Собственно, станцевав в "Раймонде" классического кавалера в гран па, а затем Бернара, Фадеечев исчерпал возможности мужского танца в этом балете - позднее он останется, в сущности, в этом спектакле все тем же "классическим кавалером", подменяя в вариации в гран па одного из кавалеров уже как Жан де Бриен. Его дебют в главной партии в 1960 году - через пятнадцать лет после его детской премьеры и через восемь лет после окончания училища - представлял собой не более как дань все той же традиции, предписывавшей ведущему танцовщику выступать в ведущих партиях.

Фадеечев исполнял партию Жана де Бриена корректно. Как всегда, элегантно носил сложный для балета костюм крестоносца: шлем с перьями, кольчугу, длинный плащ с нашитым крестом. Поддерживая балерину в традиционных позах адажио, умел сохранить суровую выразительность облика средневекового рыцаря... Тонкими нюансами тактично подчеркивал разницу между двумя адажио - реальным (прощание с невестой перед походом) и фантастическим (где он являлся Раймонде во сне), придавая традиционным поддержкам то сдержанную реальную рыцарственность, то бесплотность почти неосязаемых касаний... Бестрепетно вызывал на поединок Абдерахмана, швыряя ему перчатку, и, наконец, являлся в финале добрым сюзереном в белоснежной мантии и золотой короне... Но своего совершенства партия достигала у него не в сюжетных эпизодах и лирических адажио, а в гран па последнего акта.

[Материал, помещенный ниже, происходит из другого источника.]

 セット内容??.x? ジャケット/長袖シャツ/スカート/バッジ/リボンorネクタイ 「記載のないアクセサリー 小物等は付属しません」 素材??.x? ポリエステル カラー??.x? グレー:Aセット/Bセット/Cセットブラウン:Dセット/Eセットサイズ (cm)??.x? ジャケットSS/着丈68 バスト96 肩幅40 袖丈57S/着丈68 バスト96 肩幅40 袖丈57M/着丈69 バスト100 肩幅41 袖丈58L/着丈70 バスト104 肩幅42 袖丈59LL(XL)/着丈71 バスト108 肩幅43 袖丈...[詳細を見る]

Здесь торжествовал классический танец, представавший как бы освобожденным от излишне сковывающих его канонов. Гибкая игра корпуса, лихо-небрежный "шик" поддержек (когда, например, стоя на одном колене, приветственно вытянув руку и горделиво повернув голову, танцовщик как бы подает публике балерину, кокетливо склонившуюся к его плечу), подчеркнутая выразительность рук и особенно кистей - все это придавало "классической фантазии на народные темы", которую создал здесь М. Петипа, особенную, праздничную нарядность.

Раймонда - М. Плисецкая, Жан де Бриен - Н. Фадеечев. «Раймонда»
Раймонда - М. Плисецкая, Жан де Бриен - Н. Фадеечев. «Раймонда»

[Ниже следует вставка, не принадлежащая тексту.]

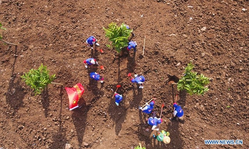 In this aerial photo taken on May 4, 2020, people take part in a tree planting activity marking the Chinese Youth Day in Haikou, south China's Hainan Province. (Xinhua/Yang Guanyu)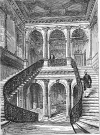The portico, railings and marble staircase with bronze balustrade were bought by the 4th Earl of Chesterfield for his new London home, Chesterfield House, South Audley Street, which was built in 1749 but like Cannons is no longer standing having been demolished in 1937.[22] Another statue modelled by C. Burchard in about 1716 and cast by John Van Nost, of George I, was moved to Leicester Square, where, after frequent vandalism, it was removed in 1872.[23]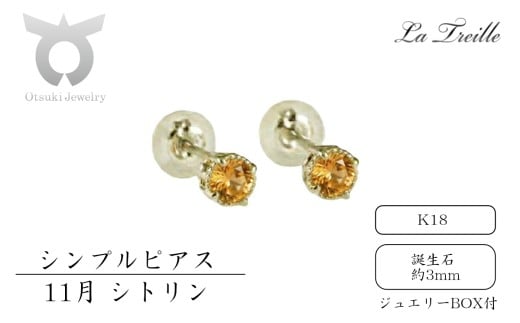 シンプルピアス K18【11月:シトリン】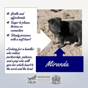 • Ideal for handlers seeking a thoughtful, emotionally attuned pup with working potential.

Вспоминая о больших классических композициях - па-классик, в том числе и о гран па из "Раймонды", Федор Лопухов признавался, что в них "исполнители забывали о ролях, которые играли в предыдущих актах, и действовали только как виртуозы танца. Характерно, что и искушенный и неискушенный зритель всегда с нетерпением ждал эти большие хореокомпозиции"*. Более того, балетмейстеру Лопухову представляется, что в таких композициях с помощью "так называемого "чистого" танца" выражаются особенно тонкие и возвышенные идеи, которые невозможно показать, а можно только отразить средствами музыки и танца"**. Именно в блестящем гран па, заключавшем сюжетно запутанный, местами эклектичный спектакль, особенно наглядно торжествовала эстетика танца Петипа, заботливо и любовно разработанная и достигшая на почве музыки Глазунова высоты и силы симфонической образности***.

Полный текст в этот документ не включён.